InSAR works by beaming radar waves at the surface of the Earth. The wave bounces off the surface and returns to the satellite, traveling in an undulating, up-down, sinusoidal wave. The height of the ground determines where the wave is in its oscillation as it returns to the satellite. The same ground can be re-scanned again in, say, a month or two, to detect changes in the surface level and shape within an accuracy of a few centimeters. “It’s almost miraculous,” says Farr.

InSAR measurements have been made about once a month, around the entire globe, for decades. This gives gives researchers a four-dimensional picture of how the Earth has swelled and shrunk in the past 25 years.

But only recently has the technology been applied to characterizing groundwater in agricultural areas. Jessica Reeves and Rosemary Knight, geophysicists at the Stanford School of Earth, Energy & Environmental Sciences, were among the first people to apply this technique in this way, and Knight’s team continues to refine the calibrations linking ground level to groundwater levels.

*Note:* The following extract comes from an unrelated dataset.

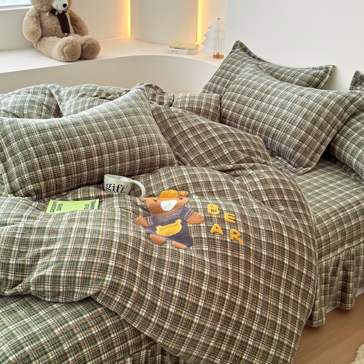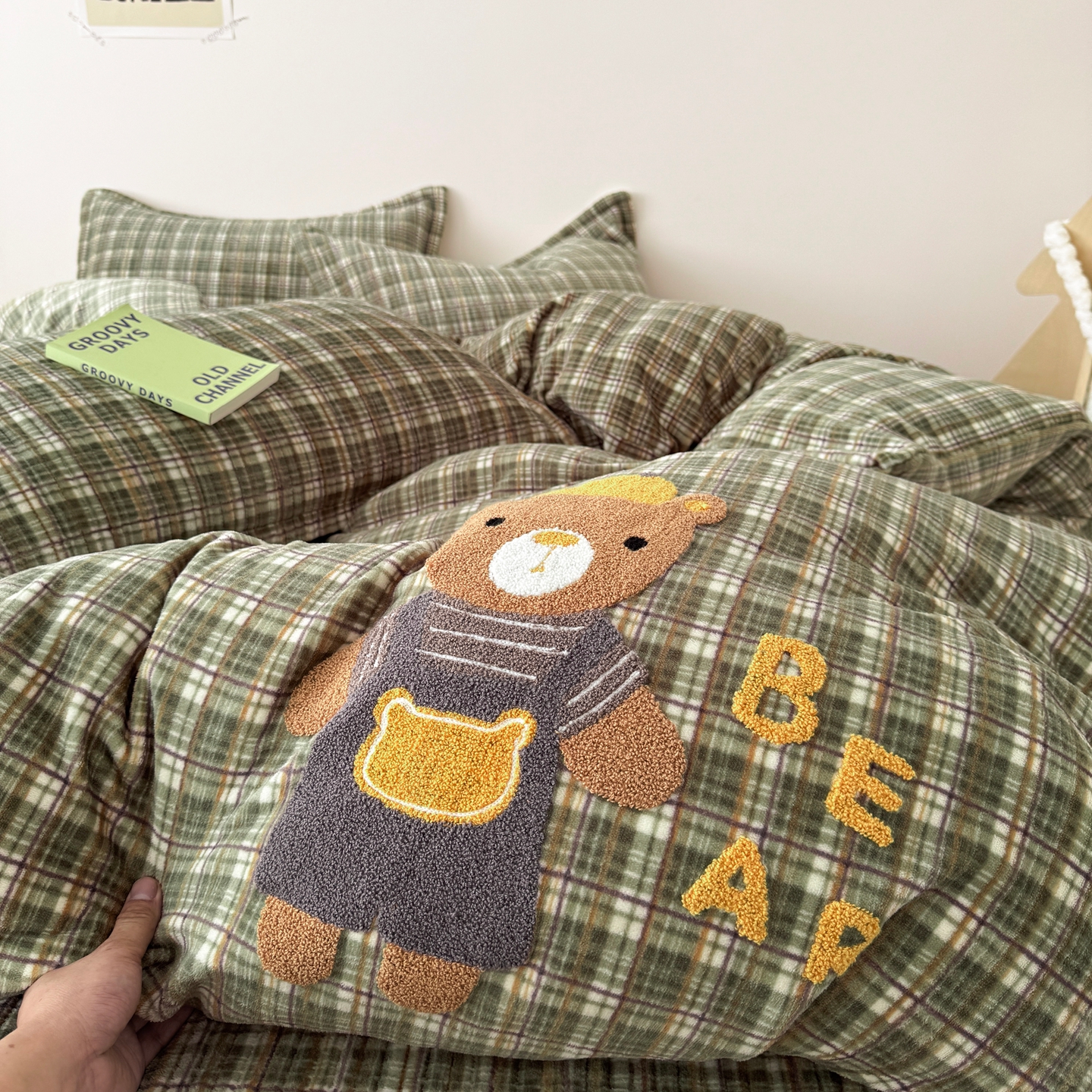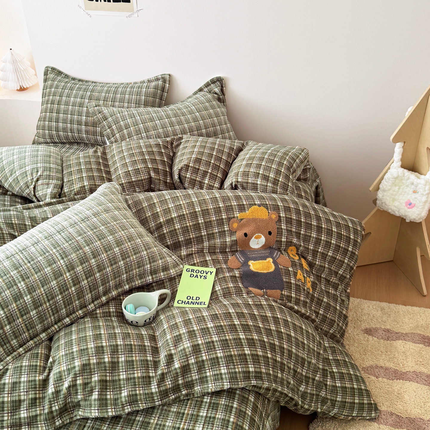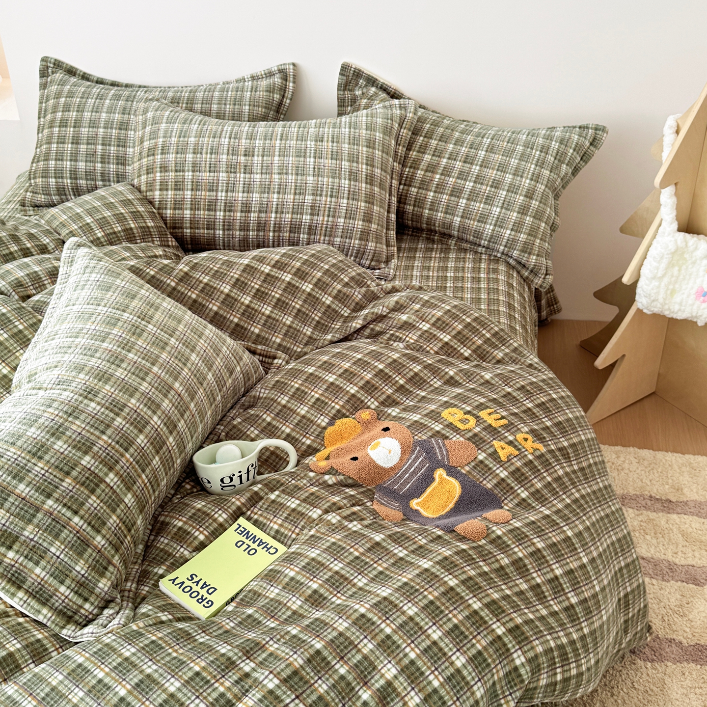 希朵家纺 2025新款可爱牛奶绒毛巾绣床盖四件套 帽子熊绿
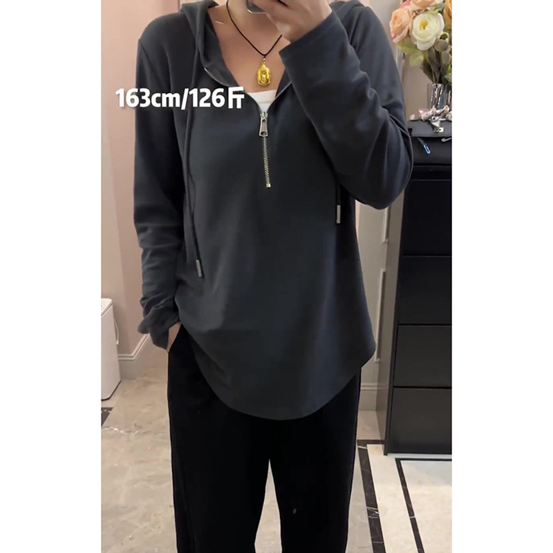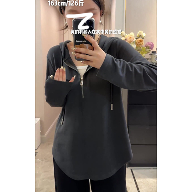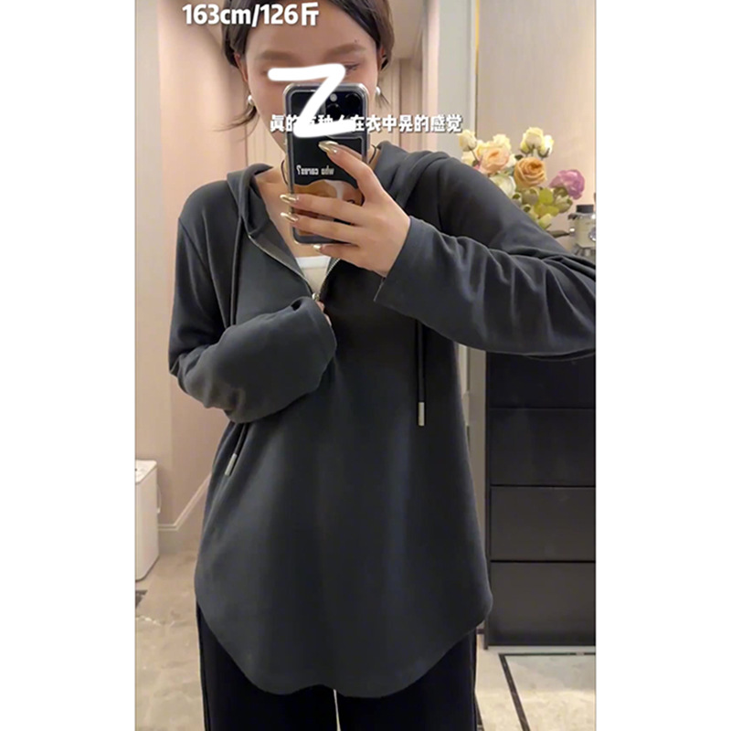 느슨한 중간 길이의 겉옷 후드 바닥 셔츠 여성의 가을과 겨울 패션 모두 어울리는 슬리밍 벨벳 따뜻한 풀오버 탑스토어 가기

The sinking that they’re tracking—as much as a foot a year in some places—threatens to become an enormous problem. That’s not just because the water will eventually run out, which (if pumping continues unabated) it will. It’s a more immediate threat to surface-level infrastructure: aqueducts, bridges, roads and train tracks. Damages due to sinking land in Santa Clara Valley is estimated at more than $756 million.

Groundwater is also crucial for supporting natural ecosystems, such as rivers, wetlands and lakes. Pumping is said to have sunk flows on the Mattole, Eel and Upper Klamath rivers, and groundwater extraction on the Central Coast is blamed on increased saltwater intrusion into previously fresh-water aquifers.

Despite the scope of California’s water problems, Knight is hopeful a revolution within Earth science is afoot—one that will help the state get through hard, dry times. She compares the potential of techniques like InSAR, electrical resistivity tomography and ground penetrating radar to the medical impact of CT scans and MRIs. “Doctors used to basically have to poke holes in their patient to see if something was wrong,” says Knight. Just as those medical imaging techniques made exploratory surgery a thing of the past, Knight thinks better data will help geologists and hydrologists address the state’s water woes.

California can’t solve its drought, just as doctors cannot cure most serious illnesses. Better imaging and better information however, will show the way to best treat the patient in the future.